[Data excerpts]
════════════════

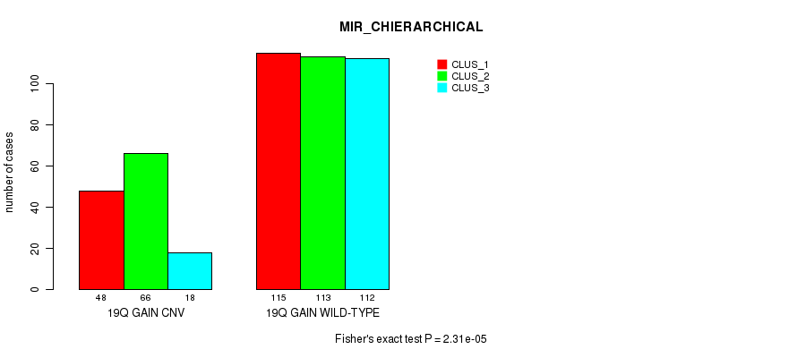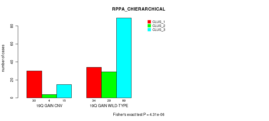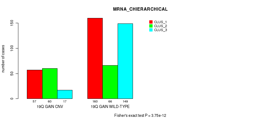 19q gain cnv correlated to 'MRNA_CNMF', 'MRNA_CHIERARCHICAL', 'MIR_CHIERARCHICAL', 'CN_CNMF', and 'RPPA_CHIERARCHICAL'.
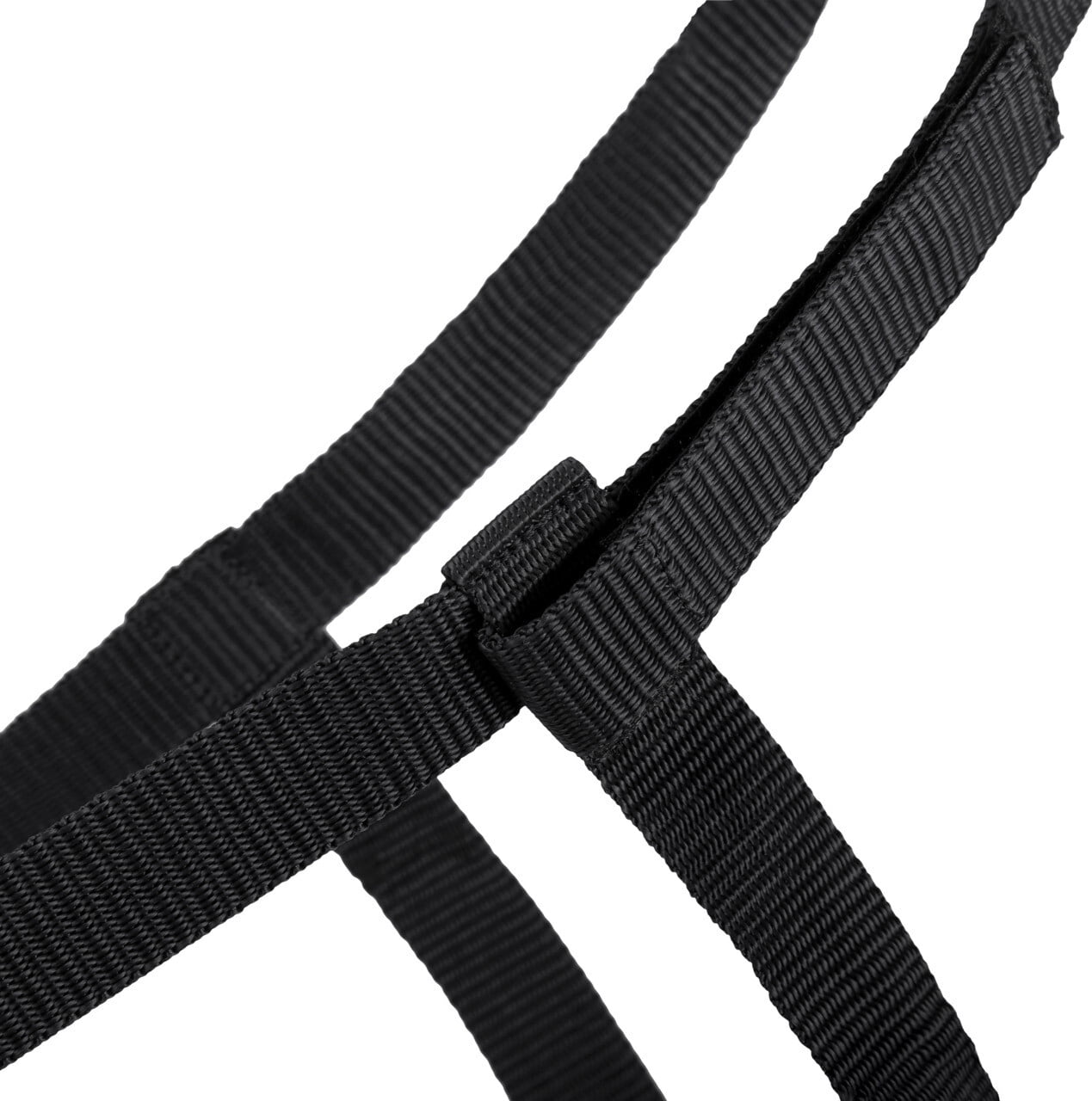 Hook and loop fastener at the neck opens when pressure is applied - in case the head collar is subjected to high tensile force (e.g. if it gets caught on a fence or other object), the hook and loop fastener opens automatically. This allows the horse to free itself and significantly reduces the risk of strangulation or serious injury.
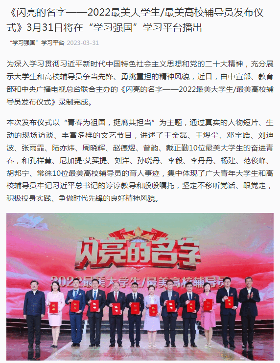 編者按:3月31日,《閃亮的名字——2022最美大學(xué)生/最美高校輔導(dǎo)員發(fā)布儀式》將在“學(xué)習(xí)強(qiáng)國(guó)”學(xué)習(xí)平臺(tái)播出,其中對(duì)我校輔導(dǎo)員孔祥慧進(jìn)行了宣傳報(bào)道,現(xiàn)將相關(guān)報(bào)道轉(zhuǎn)載如下:
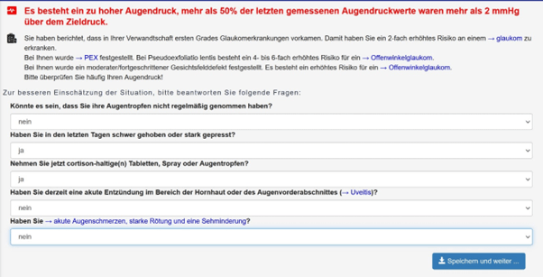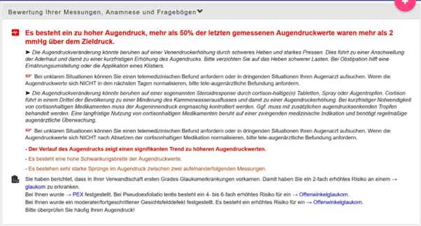 Dem Nutzer werden kontextsensitive Hinweise auf Risiken gegeben. Bei Konstellationen von erhöhten Augeninnendruckwerten und vorliegenden Risikofaktoren wird auf das erhöhte Risiko einer Glaukomerkrankung hingewiesen.
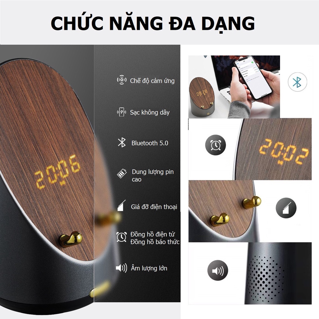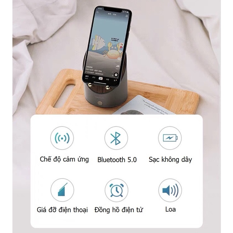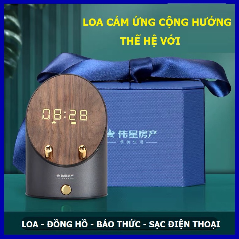 Loa cảm ứng cộng hưởng thông minh kèm sạc điện thoại, đồng hồ điện tử, báo thức, giá đỡ điện thoại
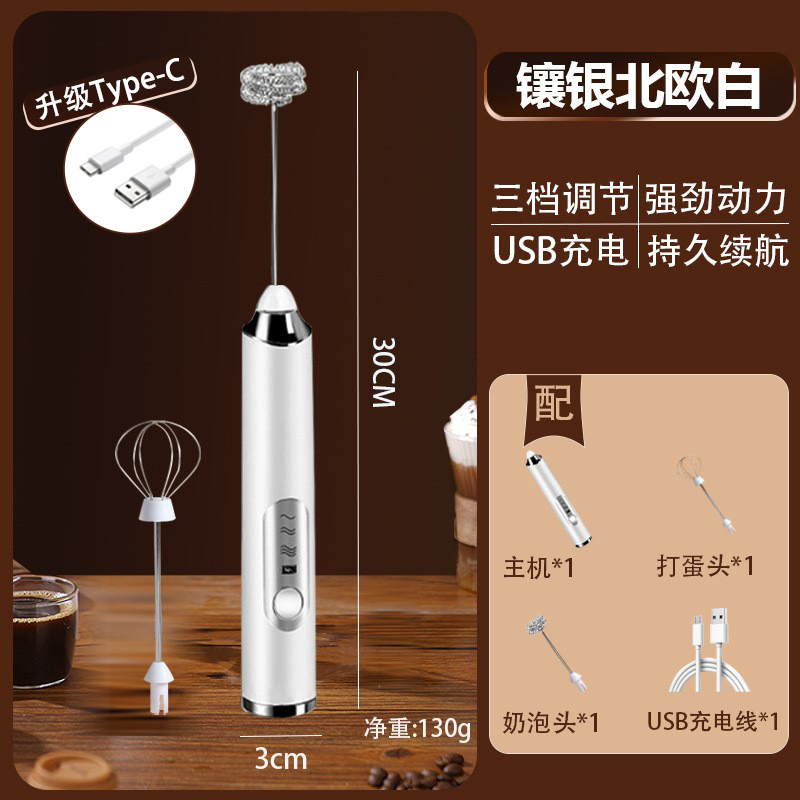 J-3 白色 双搅拌头(跨境爆款,升级Type-C)

════════════════

- THE PROBLEM
Print every line above exactly as given, but not the pictures.

- FINAL ANSWER
 19q gain cnv correlated to 'MRNA_CNMF', 'MRNA_CHIERARCHICAL', 'MIR_CHIERARCHICAL', 'CN_CNMF', and 'RPPA_CHIERARCHICAL'.
 Hook and loop fastener at the neck opens when pressure is applied - in case the head collar is subjected to high tensile force (e.g. if it gets caught on a fence or other object), the hook and loop fastener opens automatically. This allows the horse to free itself and significantly reduces the risk of strangulation or serious injury.
 編者按:3月31日,《閃亮的名字——2022最美大學(xué)生/最美高校輔導(dǎo)員發(fā)布儀式》將在“學(xué)習(xí)強(qiáng)國(guó)”學(xué)習(xí)平臺(tái)播出,其中對(duì)我校輔導(dǎo)員孔祥慧進(jìn)行了宣傳報(bào)道,現(xiàn)將相關(guān)報(bào)道轉(zhuǎn)載如下:
 Dem Nutzer werden kontextsensitive Hinweise auf Risiken gegeben. Bei Konstellationen von erhöhten Augeninnendruckwerten und vorliegenden Risikofaktoren wird auf das erhöhte Risiko einer Glaukomerkrankung hingewiesen.
 Loa cảm ứng cộng hưởng thông minh kèm sạc điện thoại, đồng hồ điện tử, báo thức, giá đỡ điện thoại
 J-3 白色 双搅拌头(跨境爆款,升级Type-C)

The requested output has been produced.